3. A writes an offer to B, which he encloses in an envelope, addresses and stamps. Shortly afterwards, he decides not to send the offer, but by mistake he deposits it in the mail. It is delivered to B, who accepts the offer. There is a contract unless B knows or has reason to know of A's error. Whether the contract is voidable for mistake is governed by the rules stated in Chapter 6.

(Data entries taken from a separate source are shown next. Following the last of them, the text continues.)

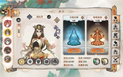 进阶技巧:传功继承:在【传功阁】可将一名弟子的修为与炼体成果转移给另一名弟子,实现资源优化配置,避免浪费。
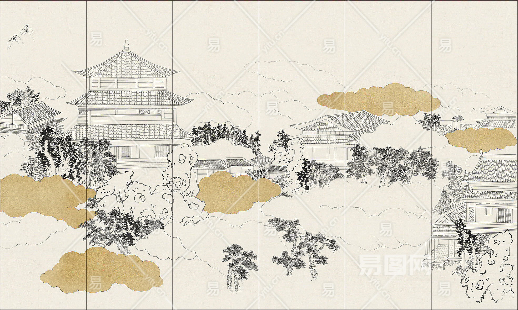 中式山水壁画贴图
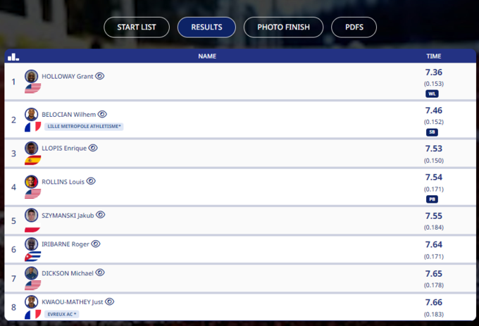 Грант Холлоуей впевнено переміг з результатом 7.36 і встановив найкращий результат сезону. Друге місце посів Вієм Белосян (Франція) – 7.46, бронзу здобув Енріке Льопіс (Іспанія) – 7.53. А поляк опинився на п'ятій сходинці з часом 7.55.
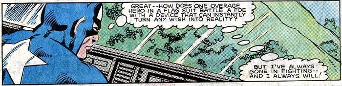 Cap and Aquarian do battle with the Cube-powered Worrell until the latter finally succeeds in using it to reshape the world as he sees fits, rendering him a god, yet Cap remains defiant.
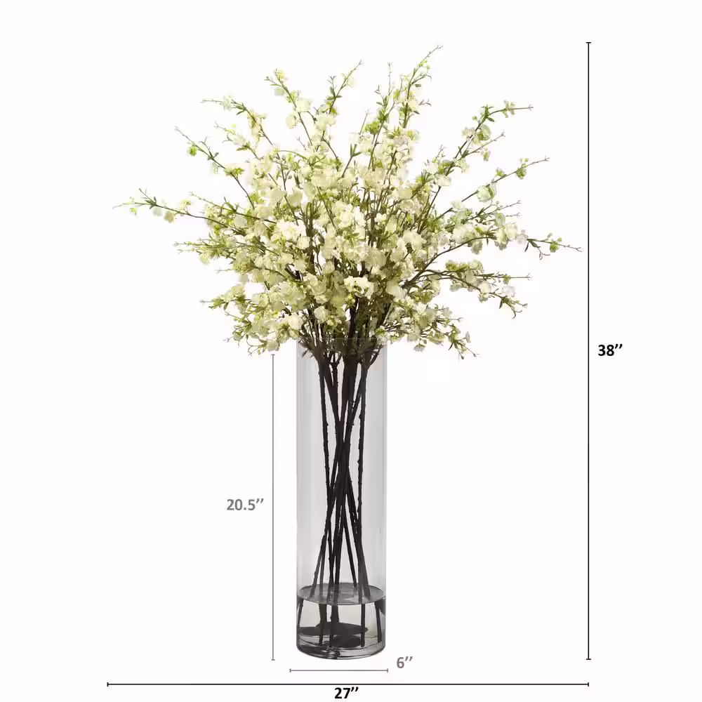 Nearly Natural 16 in. Artificial H White Phalaenopsis Silk Flower Arrangement
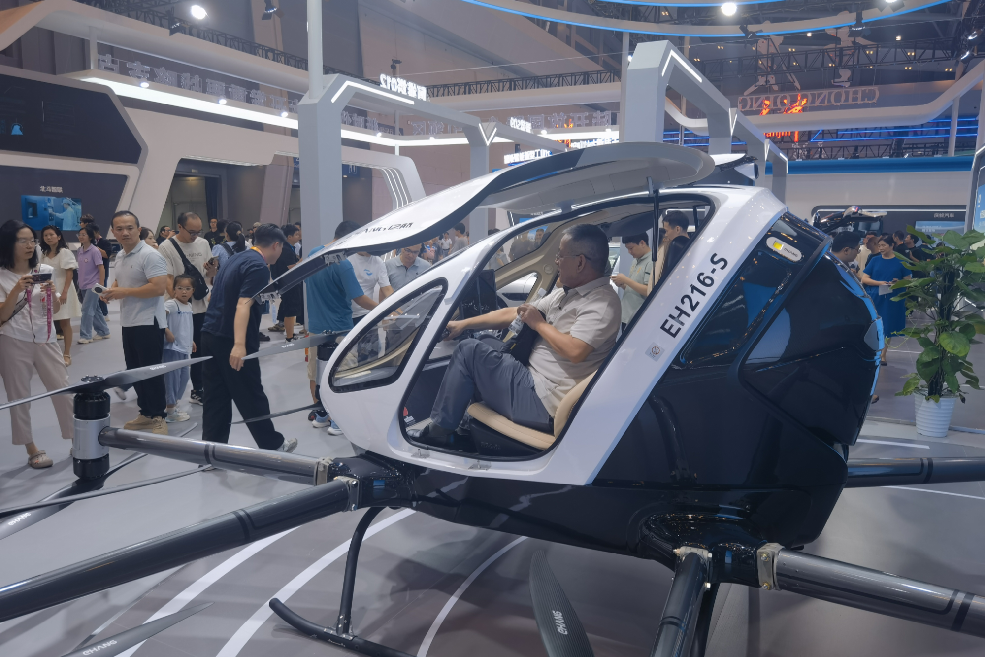 在长安汽车展区,一架载人飞行器前人气满满,吸引了许多观众的眼球,大家排队进入驾驶舱体验。现场工作人员介绍,这款无人驾驶载人航空器,搭载了智能驾驶系统,可以实现无人驾驶,工作人员后台实时监控保证安全,保证乘客空中出行的便捷和安全。从智能汽车到无人驾驶载人航空器,立体交通的未来出行画面呈现在眼前。

d. Voidable manifestations distinguished. Actual mental assent is not essential to the formation of an informal contract enforceable as a bargain. This is made clear by the definitions of "bargain" and "agreement" in terms of "manifestation" of mutual assent. See §§ 3, 17, 18; compare Comment b to § 2. But the fact that apparent assent is not genuine may have legal significance in rendering the contract voidable or unenforceable for mistake, misrepresentation, duress, or undue influence. See Chapters 6 and 7. In such cases it is often necessary to inquire whether the power of avoidance has been exercised with sufficient promptness, or whether the other party has so changed his position that avoidance would be inequitable. Where there is no manifestation of mutual assent, on the other hand, the contractual relations of the parties are not affected, and such inquiries are unnecessary.